Inherent Vice (2014)
7/10
Even after 2 viewings, this is the Paul Thomas Anderson film I've struggled most with.
18 February 2015
I think Anderson is amazing, one of the few directors of our time who can touch film-makers like Kubrick. But while the film is full of wonderful camera-work, production design and performances, and there are some very funny scenes, I couldn't quite get my head around the thing. I get that's the point, and that while Thomas Pynchon's novel has the outer form of a detective story, it's not really about plot but about mood and playful mind-games, details and surreal moments. But somehow the lack of tonal focus made it hard for me to get lost in it's rhythms.

Feeling like a goofy comedy one minute, a subtle satiric elegy for a hippie age that was never quite as fun as we'd like to remember the next, and a story driven detective noir the next, I found myself not getting engaged in the way I kept wanting to.

Given the talents involved, my huge admiration for Anderson, and the generally great critical reaction, I'm open to the idea that I'm missing something.
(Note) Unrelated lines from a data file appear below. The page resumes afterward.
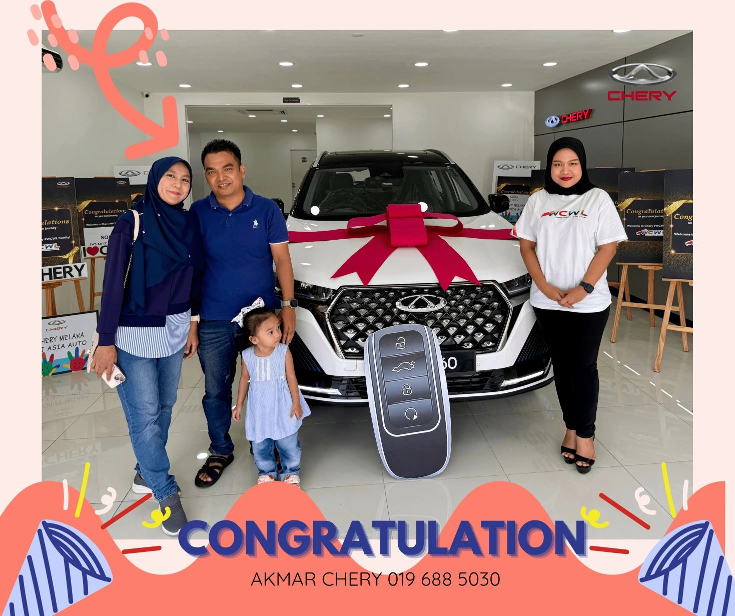 Hai! nama saya NURUL AKMAR, Sales Consultant yang sah dan berdaftar di Chery Malaysia. Berpengalaman lebih 7 tahun dalam bidang jualan kereta di Malaysia.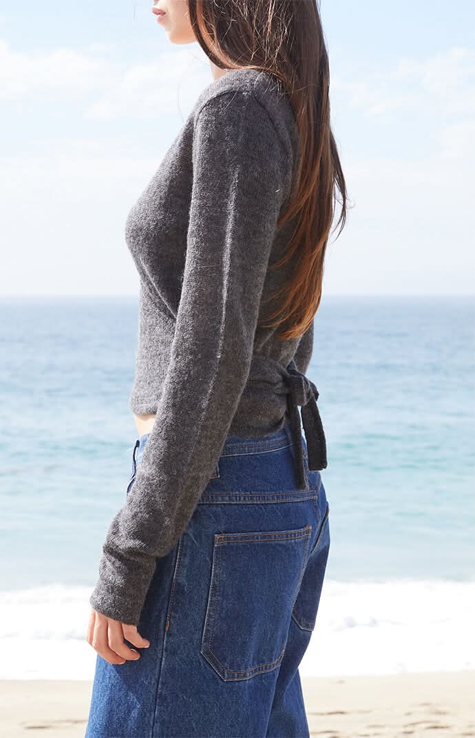 The Dark Gray Wrap Sweater from John Galt is a cozy, everyday essential with a stylish twist. Made from soft knit fabric, it features long sleeves, a V-neckline, a wrap tie front detail, a cropped length, and a relaxed fit for easy layering.Soft knit fabricLong sleevesV-necklineWrap tie front detailCropped lengthRelaxed it13.6% mohair, 16.8% wool, 39% acrylic, 30.6% polyamideHand washOne size fits mostModel measurements: 5’5” height, 30” bust, 24” waist, 31” hip • Color: Dark gray • Size: One Size • female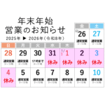 - 年末年始の営業について年末年始は下記の通り休業とさせていただきます 12月30日(火)17時終了12月31日(水)~1月4日(日)休… 続きを読む: 年末年始の営業について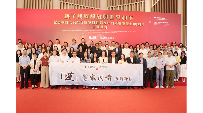【特訊】為傳遞愛國愛澳愛家精神,澳門電訊(CTM)透過「蓮」繫家國情系列活動,鼓勵和組織員工們參與不同的愛國愛澳活動。8月25日下午,超過50名員工在行政總裁潘福禧的帶領下,參觀“為了民族解放與世界和平──紀念中國人民抗日戰爭暨世界反法西斯戰爭勝利80周年主題展覽”,讓同事們更深刻認識抗爭勝利的偉大意義,銘記歷史,緬懷先烈,激發愛國愛澳熱情,持續增進民族自豪感。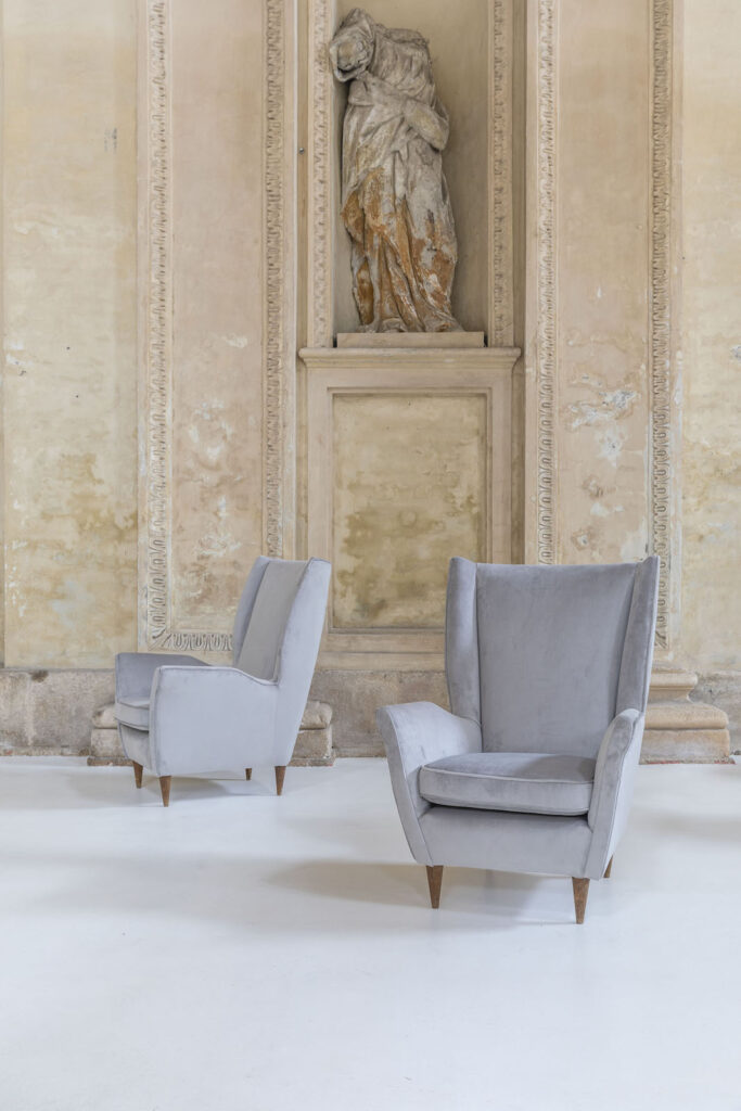 Poltrone in velluto grigio, attribuite a Gio Ponti per ISA.Gambe di legno originali, forma elegante e seduta comoda.Circa 1940A 103 cm x P 77 cm x L 72 cm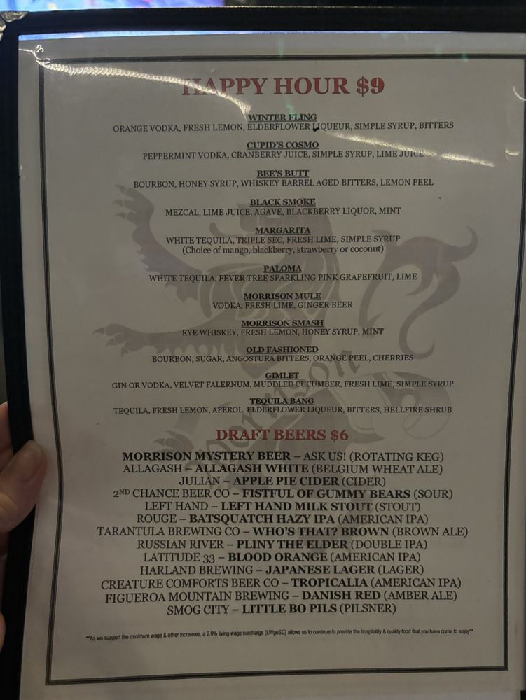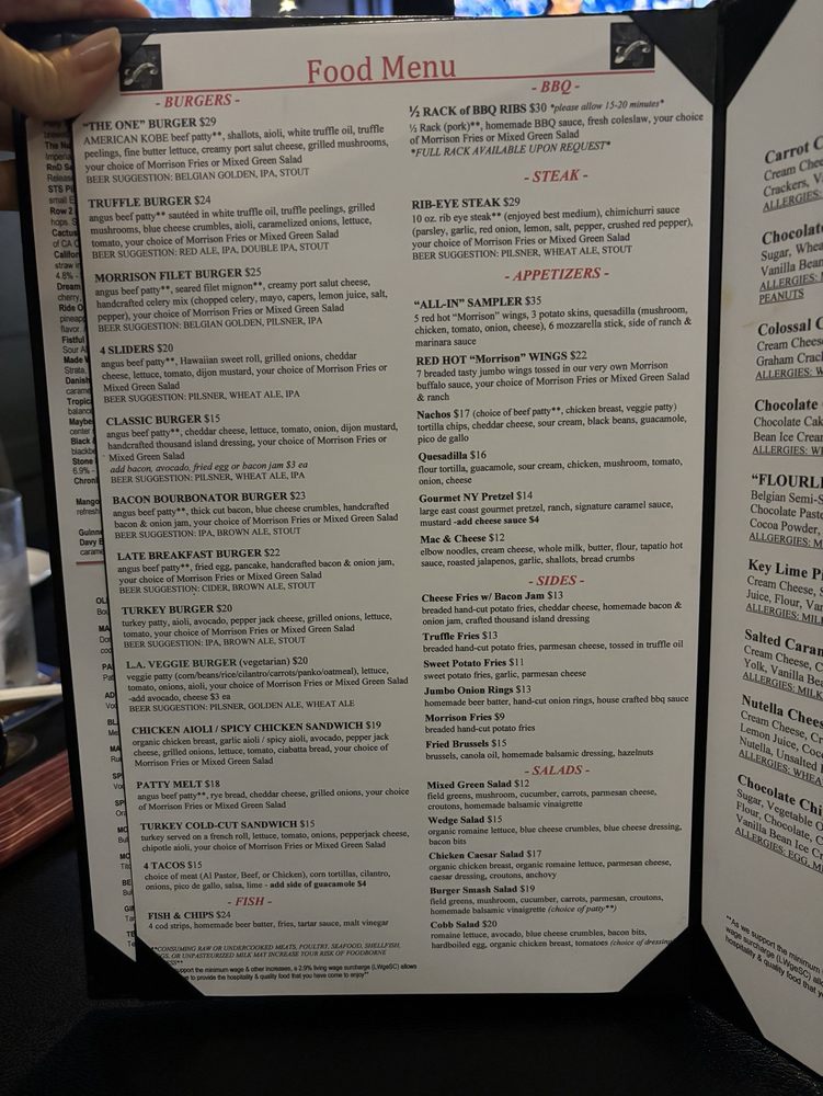 Introducing Morrison Atwater Village, a gastropub in Los Angeles offering a menu of burgers and salads. This restaurant stands out for its diverse amenities, including vegan options, wheelchair accessibility, outdoor seating, and a full bar. Customers rave about the attentive service, with servers like Keith and Teddy earning praise for their knowledge and friendliness. The standout dish is the bread pudding, described as life-changing and served with various ice cream flavors. The burger options, such as the Bacon Bourbenator and Spicy Chicken Sandwich, receive high praise for their flavorful combinations. The casual and cozy ambiance adds to the overall dining experience, making Morrison Atwater Village a must-visit destination for delicious food and exceptional service.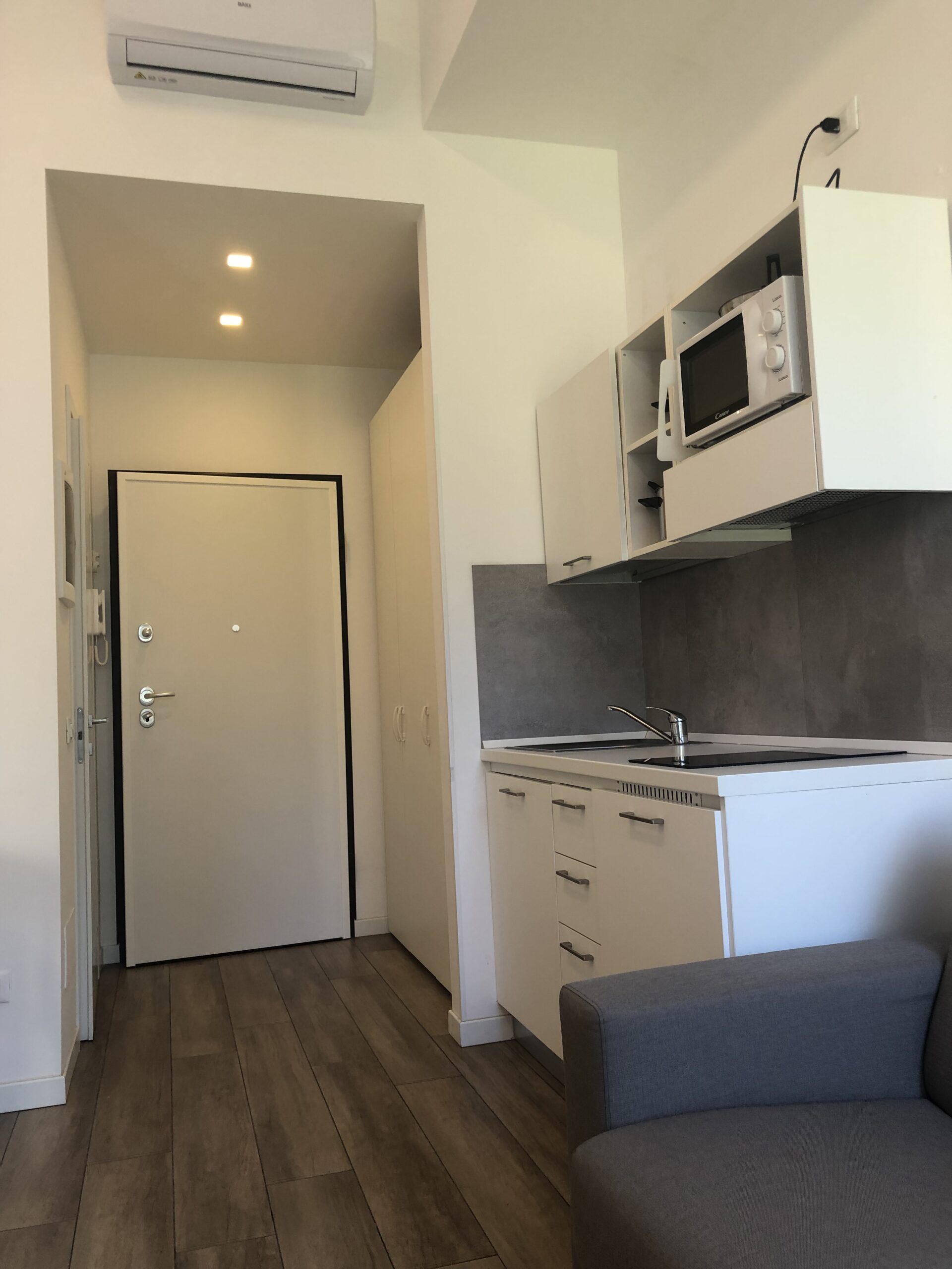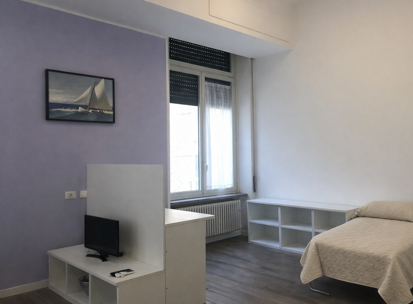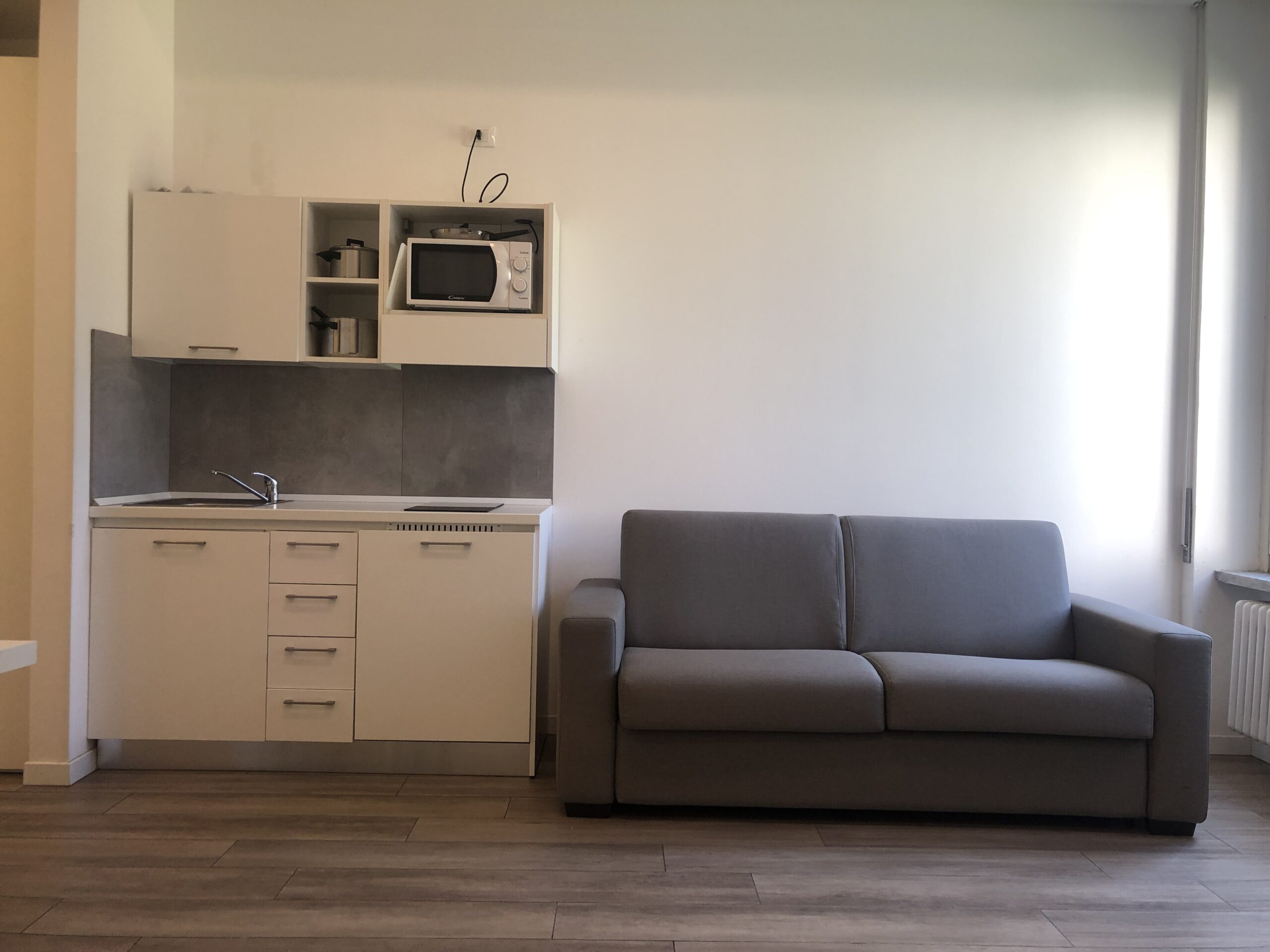 Il monolocale è completo di angolo cottura con piano induzione, piccolo frigorifero e forno microonde, angolo salotto con tavolo, sedie e TV, armadio, libreria, letto singolo e bagno ad uso esclusivo.

And there are a lot of moments that echo with me, from Josh Brolin's truly gonzo, but yet also somehow understated performance as an uptight, straight-laced cop who is a lot more complex and messed up then he'd like to admit, to the very long single take seduction scene between Joaquin Phoenix and Katherine Waterston that is uncomfortable, sexy, repellent, real, a fantasy and beautifully acted all at the same time.

It's certainly a film worth seeing, but for the first time with an Anderson film I felt locked on the outside looking in, feeling a little sheepish and a little dumb.